Mitbestimmungsrecht des Betriebsrats bei Vernetzung via VPN

01.05.2015428 Mal gelesen
Soll eine VPN-Verbindung beispielsweise auf den Laptops der Außendienstmitarbeiter eingerichtet werden, so besteht regelmäßig ein Mitbestimmungsrecht des Betriebsrats gem. § 87 I Nr. 6 BetrVG (ArbG Stuttgart v. 25.07.2013 - 17 BV 37/13)

Aus der heutigen Arbeitswelt ist die Vernetzung von PCs mittlerweile nicht mehr wegzudenken. Das klassische firmeninterne LAN-Netzwerk wird hierbei vermehrt auch durch die Einbindung von Home-Office-Arbeitsplätzen und mobilen Geräten wie Laptops, Smartphones und Tablets ergänzt. Eine solche Vernetzung mit externen Geräten kann u.a. über eine sog. VPN-Verbindung erfolgen. Hierbei handelt es sich um ein virtuelles privates Netzwerk. Durch die Anmeldung des externen Geräts über die VPN-Verbindung erhält dieses Gerät Zugang zum Firmennetzwerk. Der Anmeldevorgang geschieht dabei nicht spurenlos. Es ist nicht ausgeschlossen, dass jedenfalls die Anmeldezeiten des Mitarbeiters nachvollzogen werden können.

Soll eine solche VPN-Verbindung beispielsweise auf den Laptops der Außendienstmitarbeiter eingerichtet werden, so besteht regelmäßig ein Mitbestimmungsrecht des Betriebsrats gem. § 87 I Nr. 6 BetrVG (ArbG Stuttgart v. 25.07.2013 - 17 BV 37/13). 

Die insofern erforderliche Überwachungseignung wird zumeist bereits darin bestehen, dass der Arbeitgeber nachvollziehen kann, wann sich die Außendienstmitarbeiter im Netzwerk angemeldet haben.
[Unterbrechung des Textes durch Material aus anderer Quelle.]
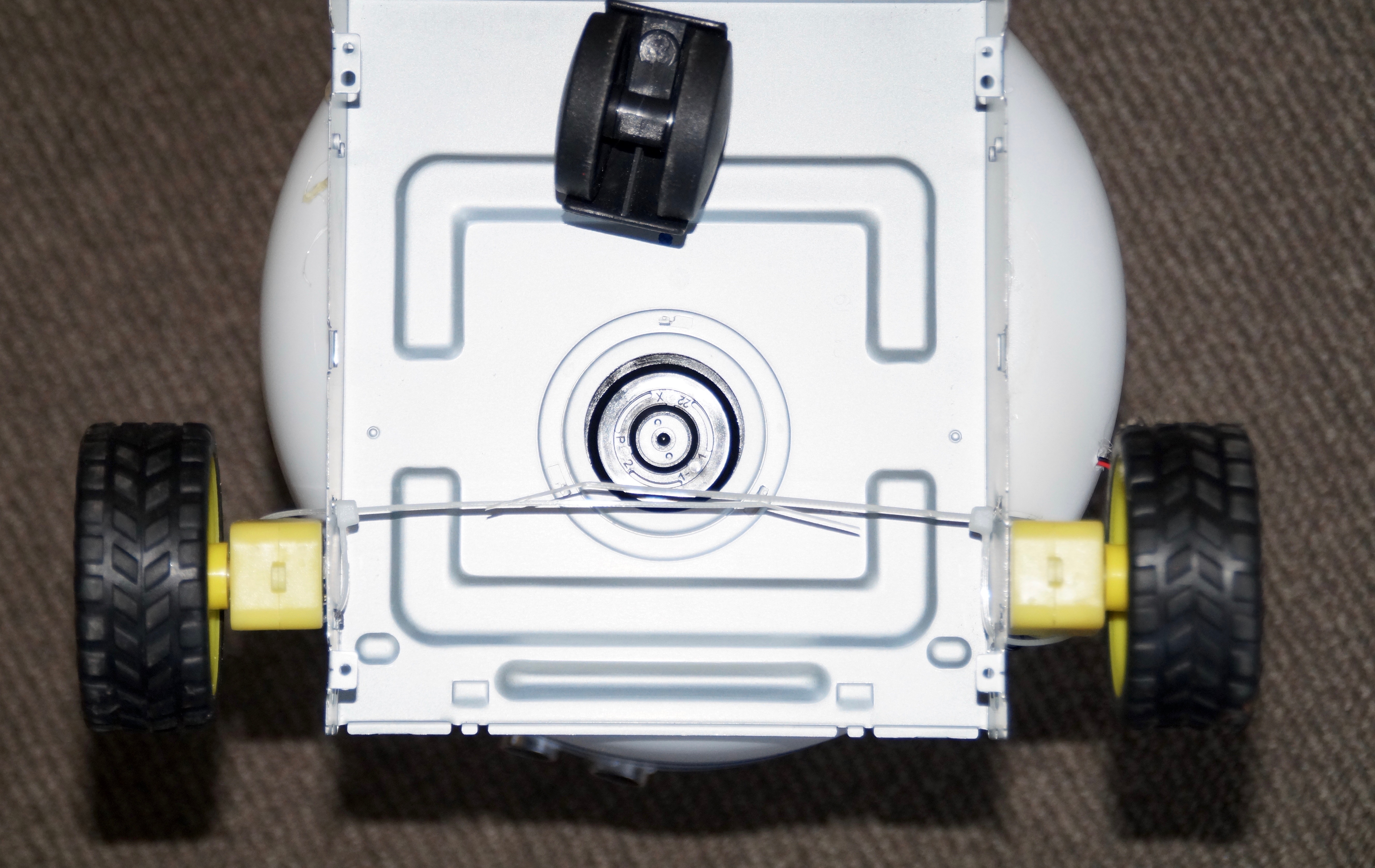 De basis is simpel. Het onderstel is gemaakt van een oude dvd speler Hierop zijn twee kleine motortjes bevestigd met tie wraps.

Ob der Arbeitgeber dies auch tatsächlich überprüfen will oder bereits vorher erklärt, er werde dies nicht tun, spielt für das Bestehen des Mitbestimmungsrechts keine Rolle. Nicht zu verkennen ist auch, dass die Einrichtung einer VPN-Verbindung dazu führen kann, dass die Mitarbeiter noch nach dem Ende der betriebsüblichen Arbeitszeit ihre Arbeitsleistung von zu Hause erbringen. Insofern können ggf. Mitbestimmungsrechte des Betriebsrats gem. § 87 I Nr. 2 und Nr. 3 BetrVG berührt werden. Dagegen scheidet ein Mitbestimmungsrecht aus, wenn die Verbindung auf Wunsch eines einzelnen Mitarbeiters auf dessen Laptop oder Smartphone eingerichtet wird. In diesem Fall fehlt es an dem für das Mitbestimmungsrecht vorauszusetzenden kollektiven Tatbestand.

Steht dem Betriebsrat ein Mitbestimmungsrecht zu, ist seine Zustimmung vor der Einrichtung der VPN-Verbindung einzuholen. Kann keine Einigung zwischen Arbeitgeber und Betriebsrat erzielt werden, so entscheidet auf Antrag einer der beiden Parteien die Einigungsstelle

Wird die Verbindung ohne Zustimmung des Betriebsrats oder entsprechenden Beschluss einer Einigungsstelle eingerichtet, so kann der Betriebsrat deren Löschung verlangen und ggf. beim Arbeitsgericht durchsetzen.